News - Will these crypto laws bring clarity to the US?
Is this the turnaround for the U.S.? The Treasury Committee of the U.S. House of Representatives has passed several crypto bills designed to bring regulatory clarity to the industry in the United States.
Representatives of Democrats and Republicans agreed to this this morning. In a vote, House members voted 35 to 15 in favor of the 21st Century Act. Next, the bill must go through the Agriculture Committee.
In the future, the laws will regulate the responsibilities of the U.S. authorities CFTC and SEC. Crypto projects to be regulated by the CFTC as "digital goods" must first be reviewed by the SEC. To do so, the coin or token must be "sufficiently decentralized." The law also provides opportunities for cryptocurrencies to transform from securities to commodities.
The way should also be cleared for crypto exchanges to register with the SEC as a so-called "Alternative Trading System" (ATS). In the past, trading platforms have complained about unclear guidelines from the U.S. Securities and Exchange Commission.
The "Blockchain Regulatory Certainty Act" also passed through committee.

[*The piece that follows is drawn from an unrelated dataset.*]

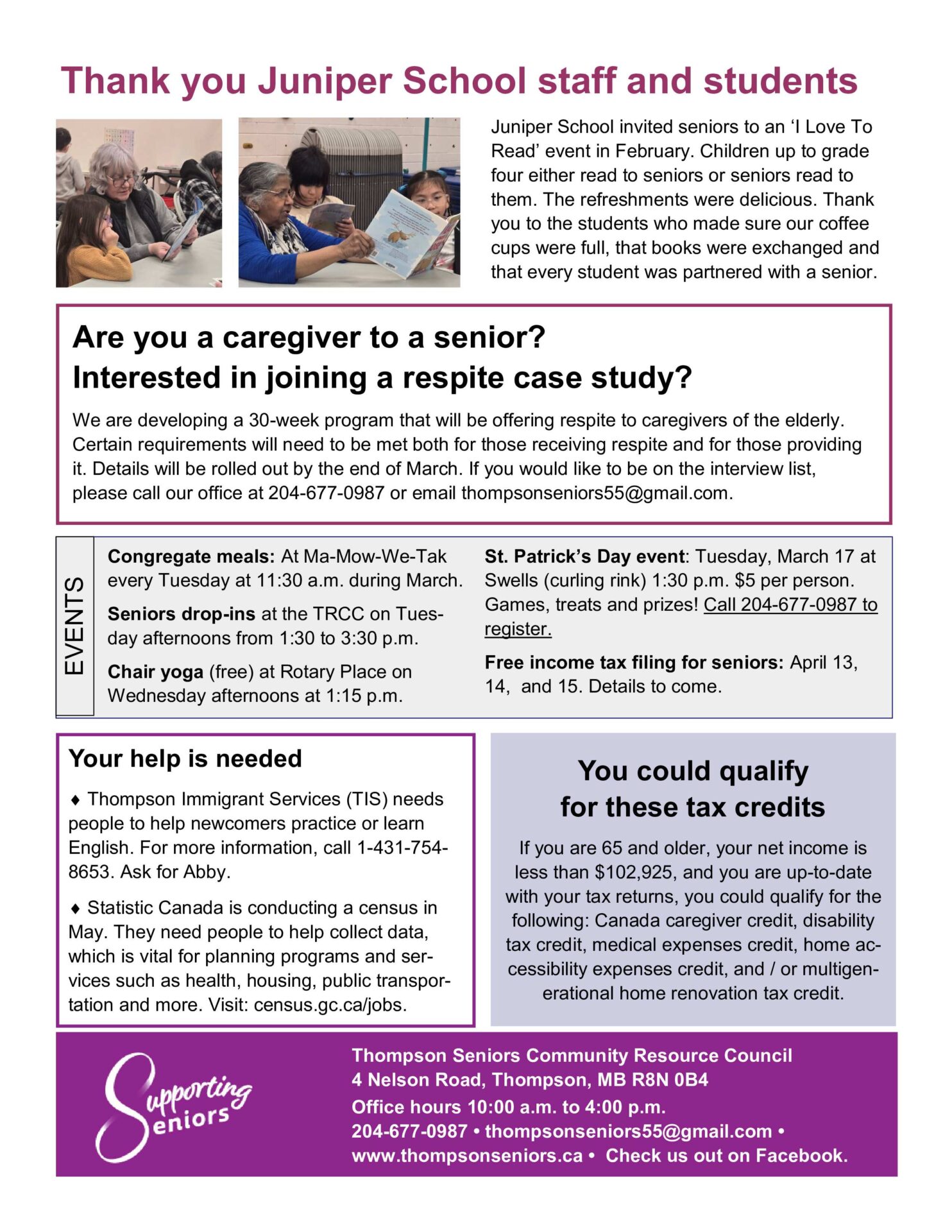 - To recognize and identify the seniors and elders in Thompson.

The act aims to regulate which blockchain companies are money brokers. Earlier, there were discussions about to what extent mining companies, DeFi platforms and MultiSig providers are also covered by the regulations.
However, Republican Tom Emmer gives the green light: "As long as you are not managing customers' money, you are not a money broker." Overall, the law is a "big win" for the crypto industry.
Meanwhile, the bill "The Market Structure for Digital Assets" failed. That should also clarify responsibilities between the CFTC and the SEC. However, MPs criticized the lack of involvement of the U.S. Securities and Exchange Commission.
The bills could end the trench warfare between U.S. regulators and the crypto industry. Several lawsuits are currently pending between the SEC and industry giants such as Coinbase, Binance or Gemini.